What we could do firstly is to store not the search element itself, but its index:

float max_index(float *a, int n) {
    int res = 0;

    for (int i = 1; i < n; i++) {
        if (a[i] > a[res])
            res = i;
    }

    return a[res];
}

This naive optimization has its effect (time in seconds; the value found in braces):

Value-based: 0.00732200 (0.99999827)
Index-based: 0.00674200 (0.99999827)

Vector operations

This is quite a universal algorithm, which could be used for any type, which allows comparing. But let’s think abotu how we can speed up that code. First of all, we could split the array into pieces and find maximum among them.

There is a technology, allowing that. It is called SIMD - Single Instruction - Multiple Data Stream. Simply saying, it means dealing with multiple data pieces (cells, variables, elements) with the use of a single processor’ instruction. This is done in processor command extension called SSE.

Note: your processor or even operating system may not support these operations. So, before continuing reading this article, be sure to check if it does. On Unix systems you may look for mmx|sse|sse2|sse3|sse4_1|sse4_1|avx in /proc/cpuinfo file.

SSE extension has a set of vector variables to be used. These variables (on the lowest, assembly level, they are called XMM0 .. XMM7 registers) allow us for storing and processing 128 bits of data as it was a set of 16 char, 8 short, 4 float/int, 2 double or 1 128-bit int variables.

But wait! There are other versions of SSE, allowing for different registers of a different size! Check this out:

SIMD extensions

MMX - hot 1997:

  • only integer items
  • vectors have a length of 64 bits
  • 8 registers, namely MM0..MM7

SSE highlights:

  • only 8 registers
  • each register has a size of 128 bit
  • 70 operations
  • allow for floating-point operations and vector’ elements

SSE2 features:

  • adds 8 more registers (so now we have XMM0 .. XMM15)
  • adds 144 more operations
  • makes floating-point operations more precise

SSE3 changes:

  • adds 13 more operations
  • allows for horizontal vector operations

SSE4 advantages:

  • adds 54 more operations (47 are given by SSE4.1 and 7 more come from SSE4.2)

AVX - brand new version:

  • vector size is now 256 bit
  • registers are renamed to YMMi, while XMMi are the lower 128 bits of YMMi
  • operations now have three operands - DEST, SRC1, SRC2 (DEST = SRC1 op SRC2)

SSE operations

So, I mentioned horizontal vector operations. But let’s do it in a series.

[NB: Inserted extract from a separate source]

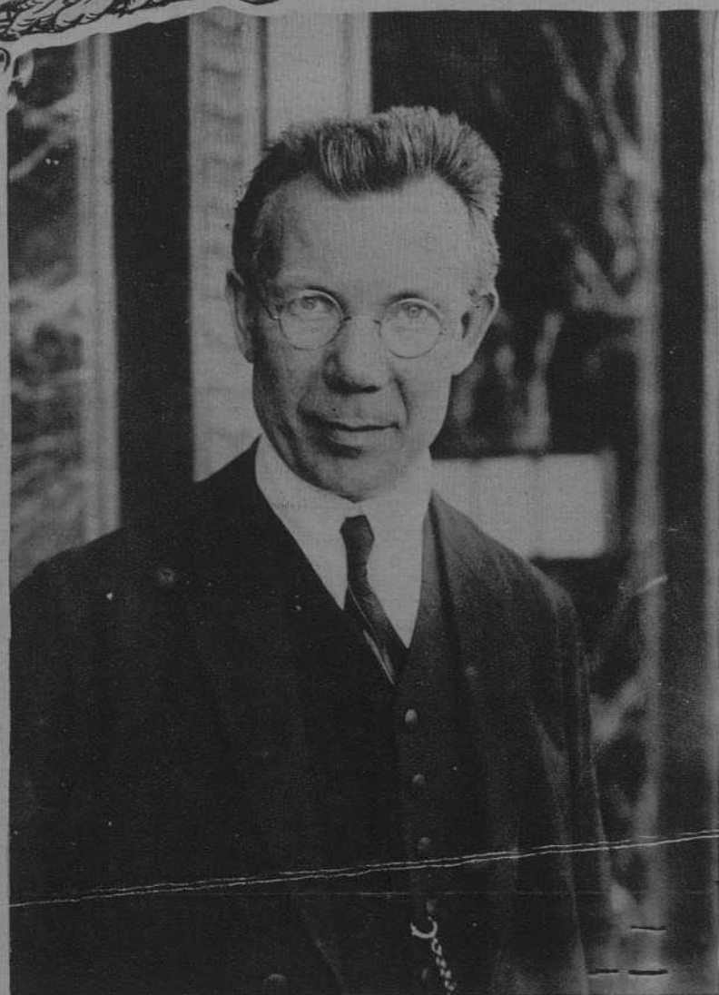
El sabio alemán Neuss, que se encuentra en España realizando importantes estudios históricos. (J. Vidal)
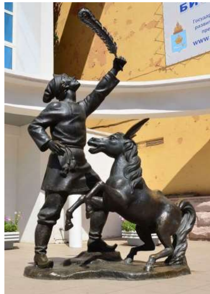
У здания Астраханского ТЮЗа скульптура Иванушки-Дурачка и Конька-Горбунка, в руках у Иванушки – перо Жар-птицы.

There are two SSE operation types: scalar and packed. Scalar operations use only the lowest elements of vectors. Packed operations deal with each element of vectors given. Look at the images below and you shall see the difference:

Horizontal operations deal on vectors in a different direction. Instead of operating on elements in the corresponding positions, these operate on elements in adjacent positions:

So there are six “types” of operations, as described above. They are:

  • operations, dealing with scalar or double values
  • operations, operating on all elements in a pack or on last elements of a pack
  • operations, handling values on corresponding or adjacent positions

To determine if an operation type, you just need to look at the last two characters of operation’s name:

HADDPS -> Horizontal ADD Packed Single-precision

Working with SSE

Images above describe how processor instructions (assembly commands) work. To map those onto C++ functions, you only need to replace assembly operation with the corresponding function from SSE headers (I’ll cover that in just a second). But the main goal of those explanations above was to give you an idea how operations themselves work and where do they store results.

To work with SSE we need to follow these three steps:

  1. load data into XMM registers
  2. perform all the operations needed on those XMM registers
  3. store data from XMMs into usual variables

To use vector operations, you shall need to have some header files included in your code, as well as compiler flags, turned on.

These are header files:

  • mmintrin.h - MMX
  • xmmintrin.h - SSE
  • emmintrin.h - SSE2
  • pmmintrin.h - SSE3
  • smmintrin.h - SSE4.1
  • nmmintrin.h - SSE4.2
  • immintrin.h - AVX

None of the header files requires all the previous ones to be included too. Compiler flags are -mmmx, -msse, -msse2, -msse3, -msse4, -mavx, correspondingly. As with header files, none of these flags requires previous ones to be turned on.

Data types

There are three “standard” data types within SSE:

  1. __m128, which is SSE’s float[4]
  2. __m128d corresponds to double[2]
  3. __m128i represents one of these: char[16], short int[8], int[4] or uint64_t[2]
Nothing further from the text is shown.